Training Wheels ~ A Short Story by Allen Kopp
Gee was allowed to ride four blocks on the sidewalk toward the school to the stone fence and back. He didn’t want to go any farther than that, anyway, because the Hedgepeth brothers were just beyond that. They threw rocks at him and called him names and he was afraid of them.
He didn’t have a full-sized bike yet because he was only seven and small for his age. He had a half-sized bike. It was really a girl’s bike but he didn’t mind because it was comfortable and easy to ride. The bike had been equipped with training wheels up until a few days ago, but a bigger kid in the neighborhood took them off for him. He was proud of being able to ride without them.
He had just reached the stone fence and was about to turn around and go back when he noticed a man leaning against the fence looking at him. He was in the shade under an overhang of leaves, so Gee couldn’t see his face very well.
“Hello,” the man said, as Gee was making the turn-around maneuver on the narrow sidewalk.
“Hi,” Gee said, looking quickly at the man and then looking away.
“How are you today?”
“I’m all right,” Gee said.
“I bet you don’t know who I am.”
“Would it surprise you very much if I told you I’m you, fifty years from now?”
Gee laughed a little bit because he didn’t know what else to do. “That’s silly,” he said.
“Why is it silly?”
“How could you be me when I’m right here?”
“I don’t know,” the man said. “Except to say that time is a river.”
“I don’t know what that means,” Gee said.
“I know you don’t. I don’t know what it means, either. It’s just what I’ve been told.”
“Do you live in that house?” Gee asked, pointing to the house with the stone fence around the yard.
“No,” the man said. “I don’t live anywhere around here anymore.”
“So you’re just visiting?”
“Yes, I’m visiting you.”
“Does my mother know you?”
“Yes, she knows me. About as well as anybody could.”
“I’d better get going. If I don’t come back right away, she’ll come looking for me.”
“Tell her hello for me.”
“What’s your name?”
“My name is the same as yours.”
Gee looked at the man’s face but still couldn’t see it very well. “I don’t know what you’re talking about,” he said. “Are you a friend of the family?”
The man laughed. “In a way,” he said. “You’ll understand when you’re older.”
“I think I’ve heard that one before,” Gee said.
“Before you go, I want to tell you something that won’t mean anything to you now but will when you’re older.”
“What is it?” Gee asked.
“You’ll be married three times. You’ll save yourself a lot of grief if you skip the first one.”
“I’m not ever getting married.”
“Don’t go into business with a partner named Alonso. He’s a crook. The business fails and you lose all your money.”
“I don’t know anybody named Alonso.”
“After your father dies, your mother will want to marry a man named Bartlett. Whatever you do, don’t let that marriage take place. He wants to marry her for all the wrong reasons.”
“Would you like to come home with me and tell her yourself?”
“No, I can’t do that.”
“I’m here to see you. Not her.”
“Okay.
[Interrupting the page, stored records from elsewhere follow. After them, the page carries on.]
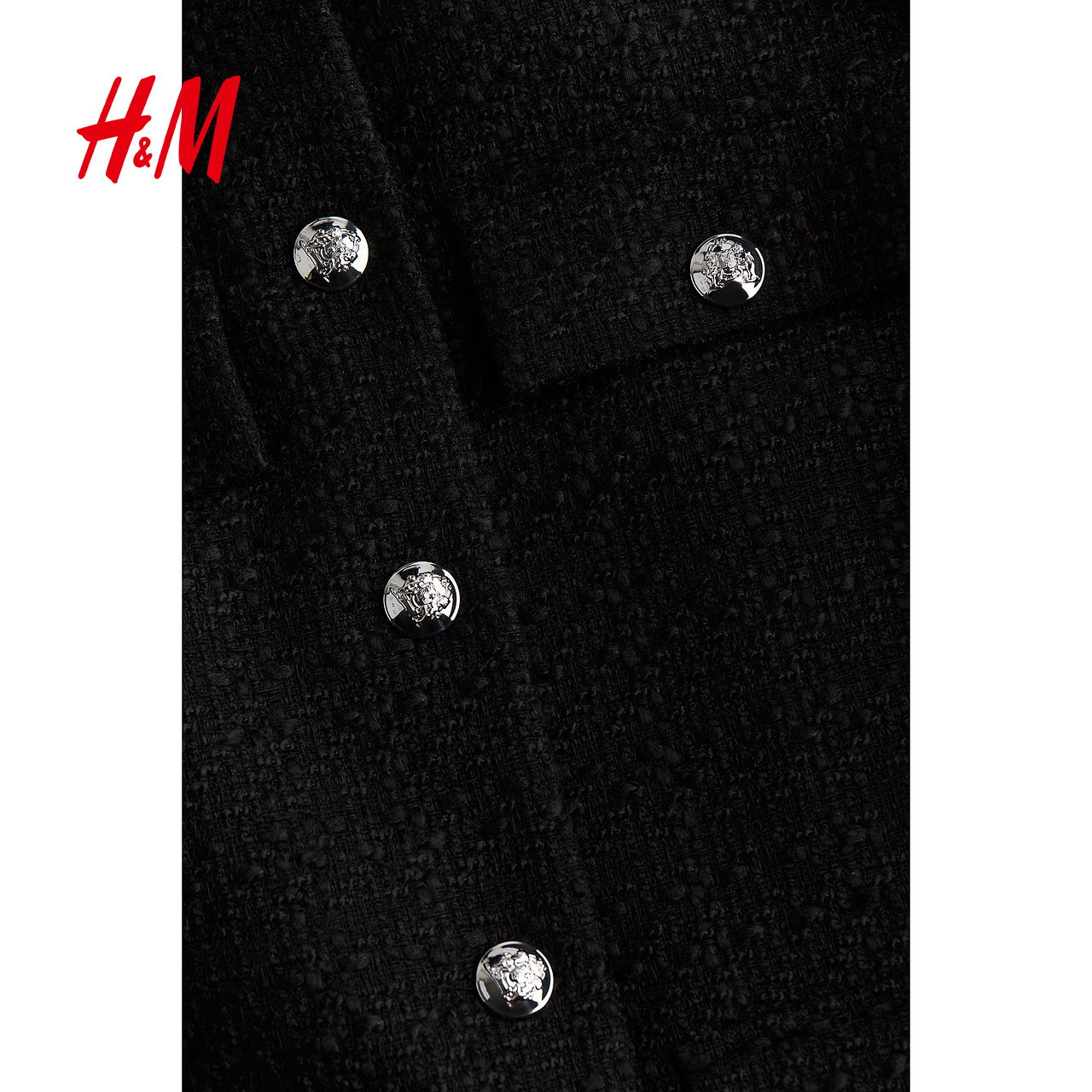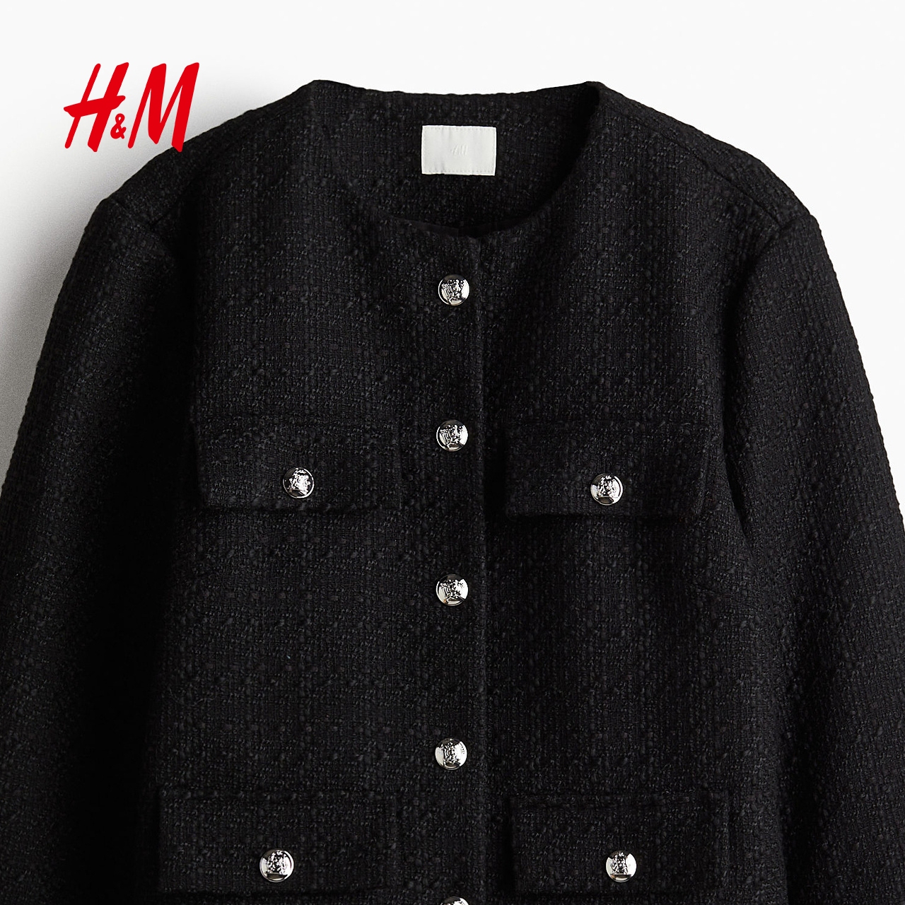 HM女装短外套秋季粗花呢千金小香风圆领长袖廓形排扣外套1231352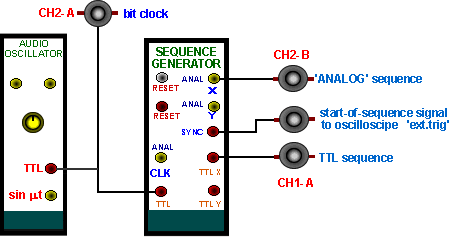 T1 Before inserting the SEQUENCE GENERATOR set the on-board DIP switch SW2 to generate a short sequence. Then patch up the model of Figure 2 above. Set the AUDIO OSCILLATOR, acting as the bit clock, to about 2 kHz. Set the oscilloscope sweep speed to suit; say about 1 ms/cm.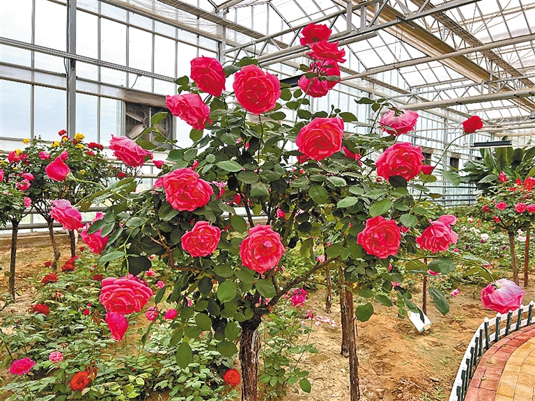 2024年4月,恩格贝生态示范区引进43个月季花品种,在温室内引种栽培成功。这些花卉主要用于种苗繁育、研学实践及文旅产品的制作。待繁育成功,将进行大范围推广种植,带动当地农牧民致富。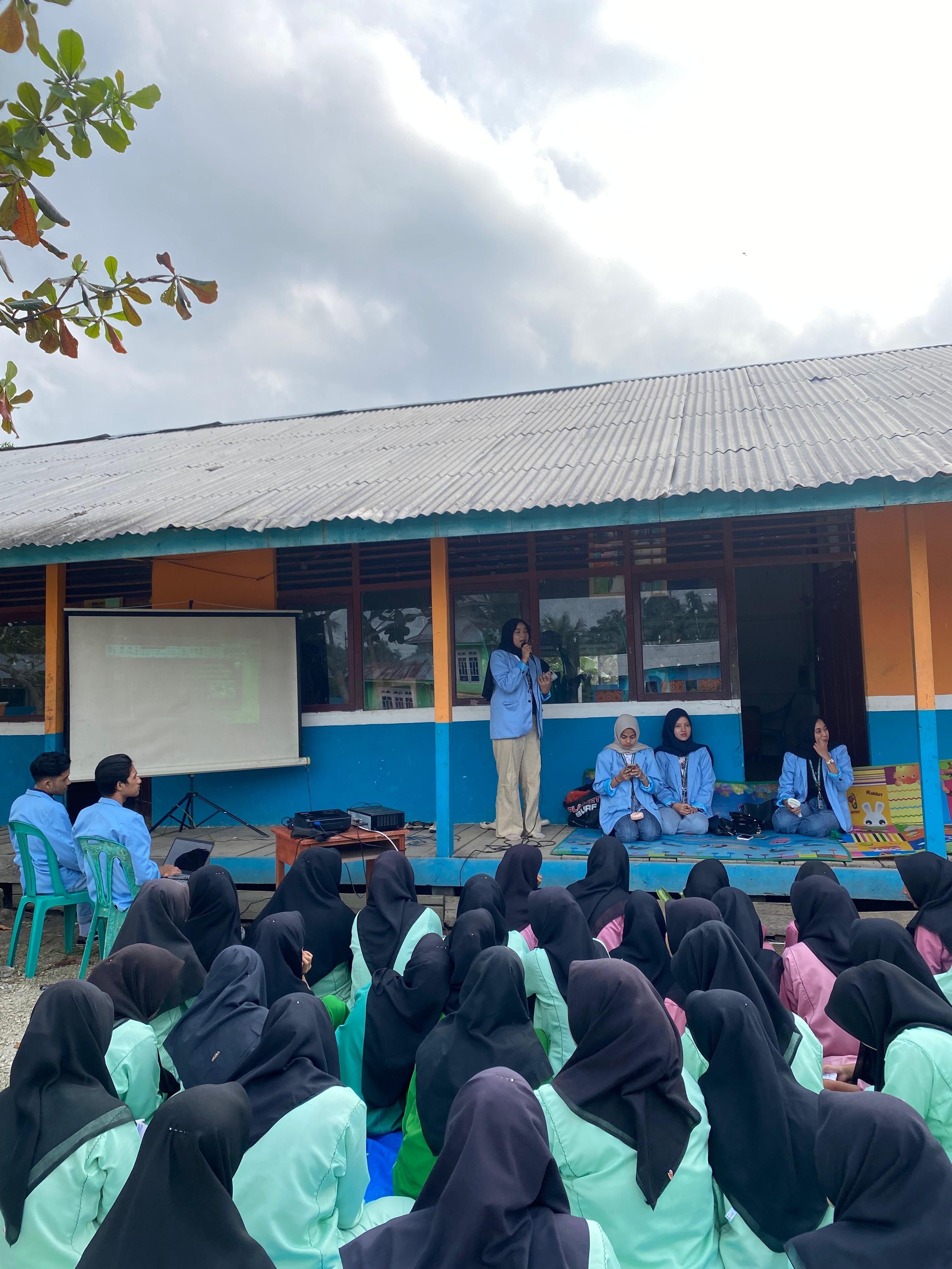 Keterangan Gambar : Sosialisasi Penggunaan Medsos yang Bijak oleh mahasiswa Kukerta UNRI 2024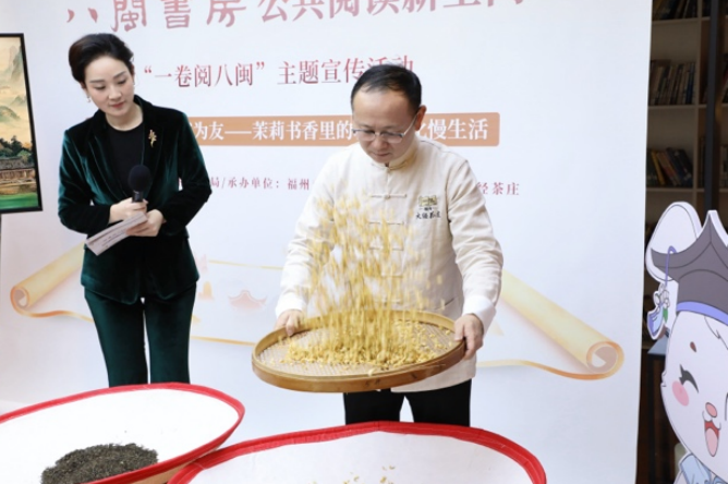 茶香与书香交相辉映。茶艺师行云流水般的冲泡演示,带领参与者品味茉莉花茶的清雅韵味;福州茉莉花茶窨制工艺代表性传承人严锦华,通过生动的实操演示,深入浅出地讲解了古法窨制的独特匠心,将抽象的知识转化为可感知、可互动的文化体验。同步开展的手工绒花制作体验,进一步丰富了阅读场景的互动维度,让市民在亲手创作中深化对传统美学文化的理解。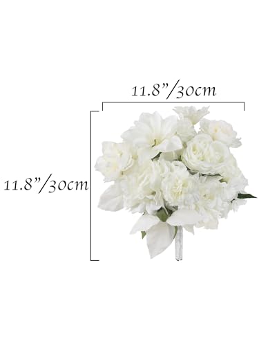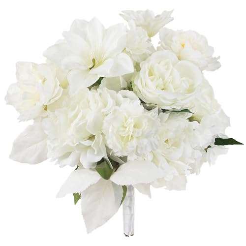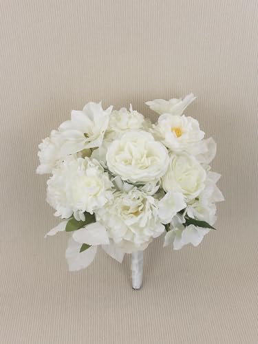 Rinlong - باقة زهور من الحرير الصناعي للعروس في حفلات الزفاف من رينلونج، أبيض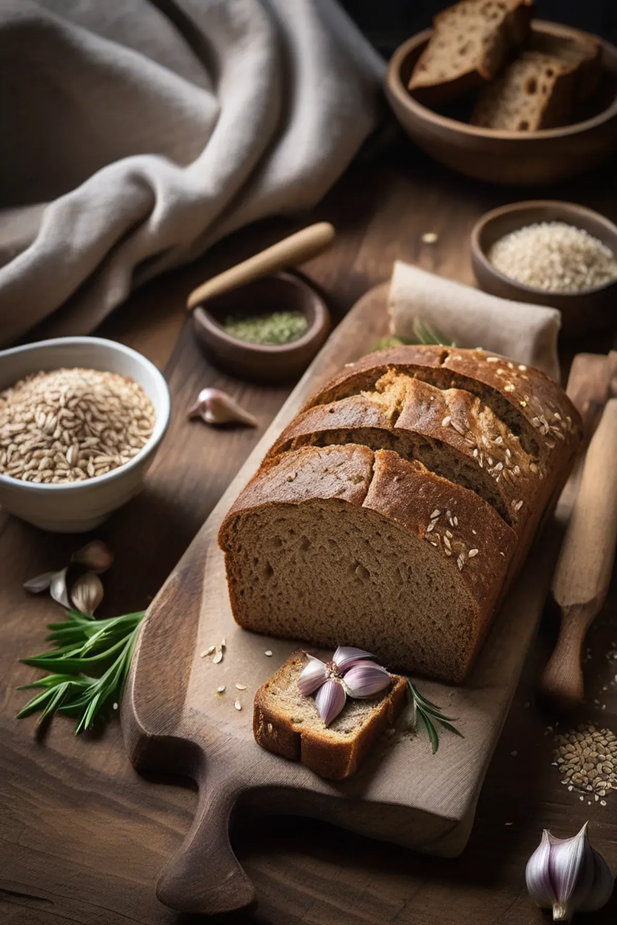 A rustic, aromatic loaf infused with roasted garlic and fresh herbs, featuring a hearty wholemeal base with a wonderfully crispy crust and soft, flavourful interior.

I’m going now.”
“Try to remember the things I told you, even though they don’t mean anything to you now. Write them down when you get home and put them away someplace safe where you’ll be able to see them in twenty or thirty years.”
“Twenty or thirty years?” Gee said. It seemed to him like all the time in the world. His young mind couldn’t grasp that much time.
That evening when they were having dinner, mother said, “Millie called me and told me she saw you talking to an old man on the sidewalk today.”
“Yes,” Gee said. “He was just standing there on the sidewalk when I rode past on my bike.”
“What did he say to you?”
“Nothing much. He just asked me how I was and he told me he used to live here a long time ago.”
“He wasn’t trying to mess with you, was he?” daddy asked.
“Did he say anything dirty to you?” mother asked.
“No! He was just a nice old man.”
“You’ll be sure and tell me if anybody bothers you, won’t you?”
“He didn’t bother me.”
“I’m going to call the sheriff and tell him there’s an old man hanging around the neighborhood bothering kids,” daddy said. “They can at least keep an eye out for anybody that looks suspicious.”
“I don’t think he’ll be back,” Gee said.
He watched his father chewing and he knew he wasn’t paying any attention; he was already in some other place. His mother sipped her iced tea daintily with a cigarette in her fingertips as a fly buzzed around the table and lighted on the plate of sliced tomatoes.